2025-09-12 Papers

1/2

Paper 1

VLA-Adapter: An Effective Paradigm for Tiny-Scale Vision-Language-Action Model

Published: 2025-09-11

Link: http://arxiv.org/pdf/2509.09372

1. 📘 Topic and Domain: Vision-Language-Action (VLA) modeling for robotic control, focusing on bridging visual-language perception with action generation.

2. 💡 Previous Research and New Ideas: Based on previous VLA models that rely on large pre-trained vision-language models and extensive robotic data pre-training; proposes a novel lightweight "VLA-Adapter" paradigm that reduces reliance on large models.

3. ❓ Problem: Current VLA models face bottlenecks including dependence on large-scale vision-language models, slow fine-tuning, high GPU memory usage, and low inference efficiency.

4. 🛠️ Methods: Introduces a Policy module with Bridge Attention that uses both Raw features and ActionQuery features from all layers of a small backbone model to effectively bridge perception and action spaces, without requiring robotic pre-training.

5. 📊 Results and Evaluation: Achieves state-of-the-art performance (97.3% success rate) using only a 0.5B parameter backbone (vs 7B for previous methods), with 3x faster inference speed, 1/38x training cost, and successful real-world robot deployment, evaluated on LIBERO and CALVIN benchmarks.

VLA-Adapter: An Effective Paradigm for Tiny-Scale Vision-Language-Action Model

1/2

Paper 2

SimpleVLA-RL: Scaling VLA Training via Reinforcement Learning

Published: 2025-09-11

Link: http://arxiv.org/pdf/2509.09674

1. 📘 Topic and Domain: The paper focuses on developing SimpleVLA-RL, an efficient reinforcement learning framework for Vision-Language-Action (VLA) models in robotic manipulation tasks.

2. 💡 Previous Research and New Ideas: Based on veRL (Volcano Engine Reinforcement Learning for LLMs), the paper proposes new VLA-specific trajectory sampling, parallel rendering, and optimized loss computation for robotic applications.

3. ❓ Problem: The paper addresses two key challenges in VLA models: the scarcity of large-scale human-operated robotic trajectories required for training, and limited generalization to tasks involving distribution shift.

4. 🛠️ Methods: The paper implements an end-to-end online RL framework with dynamic sampling, higher rollout temperature, and modified clipping range, using binary outcome rewards (1 for success, 0 for failure) for training.

5. 📊 Results and Evaluation: The framework achieved state-of-the-art performance on LIBERO and RoboTwin benchmarks, improving success rates by 10-15%, demonstrating strong generalization capabilities, and effectively transferring from simulation to real-world tasks.
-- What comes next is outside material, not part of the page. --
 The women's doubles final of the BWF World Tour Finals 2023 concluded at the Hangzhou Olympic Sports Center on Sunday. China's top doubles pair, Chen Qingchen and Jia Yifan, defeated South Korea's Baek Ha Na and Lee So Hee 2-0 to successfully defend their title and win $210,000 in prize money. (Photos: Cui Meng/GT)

SimpleVLA-RL: Scaling VLA Training via Reinforcement Learning

1/2

Paper 3

Kling-Avatar: Grounding Multimodal Instructions for Cascaded Long-Duration Avatar Animation Synthesis

Published: 2025-09-11

Link: http://arxiv.org/pdf/2509.09595

1. 📘 Topic and Domain: The paper focuses on AI-driven avatar animation synthesis, specifically generating high-fidelity portrait animations from audio, image, and text inputs.
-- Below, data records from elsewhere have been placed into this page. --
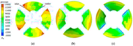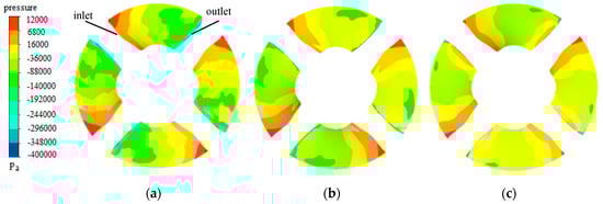 Figure 7 shows the static pressure on the impeller blades one the pressure side at different flow rates and a rotating speed of 3800 r/min. In general, the pressure on the pressure side of the blades increases gradually from the inlet to the outlet and from the hub to the rim. However, the pressure distribution under the flow rate of 0.8Qopt does not apply to this rule. As shown in Figure 7a, the pressure on the pressure side gradually decreases from the inlet side to the outlet side, and a relatively high-pressure area forms in the inlet area. As the flow rate increases, the maximum pressure and the high-pressure area gradually decrease, and the pressure gradient on the blades becomes more obvious. At the flow rate of 1.2Qopt, the low pressure area begins to appear in the inlet area on the pressure side, and the low pressure area gradually expands with the further increase of the flow rate.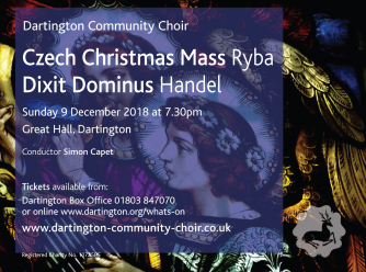 Dartington Community Choir will perform two works for its Christmas concert. Ryba’s Czech Christmas Mass, also known as the Bohemian Shepherds’ Mass, is a delightful Christmas cantata. Although framed around a traditional Latin mass, it is based on the story of four Czech shepherds to whom the birth of Christ is announced, whereupon they visit the child in the manger. Its pastoral character is reflected in its short melodic motifs inspired by folk music, supported by colourful rhythms. Written in 1796, it has been performed so regularly since the early 1800s that it is regarded, even today, as an inseparable part of Czech Christmas tradition.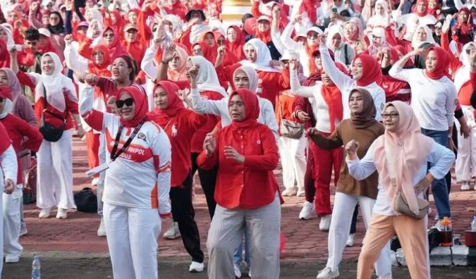 Tak sekadar olahraga, kegiatan ini berubah menjadi ajang silaturahmi penuh semangat dan tawa. Diiringi musik ceria dan sorak-sorai peserta, semangat kemerdekaan benar-benar terasa mengalir di setiap langkah dan gerakan senam yang dilakukan bersama-sama.

2. 💡 Previous Research and New Ideas: Based on previous video diffusion models and audio-driven avatar generation, it introduces a novel approach using multimodal language models for semantic understanding of instructions rather than just low-level signal tracking.

3. ❓ Problem: The paper addresses the challenge of generating coherent, long-duration avatar animations that maintain semantic consistency with multimodal inputs while preserving high visual quality and lip synchronization.

4. 🛠️ Methods: Uses a two-stage cascaded framework with an MLLM Director for instruction understanding and planning, followed by parallel generation of video sub-clips with blueprint keyframes for long-duration synthesis.

5. 📊 Results and Evaluation: Achieves superior performance in generating 1080p 48fps videos with precise lip sync, emotional expressiveness, and identity consistency, outperforming baselines OmniHuman-1 and HeyGen across multiple evaluation metrics on a 375-sample benchmark.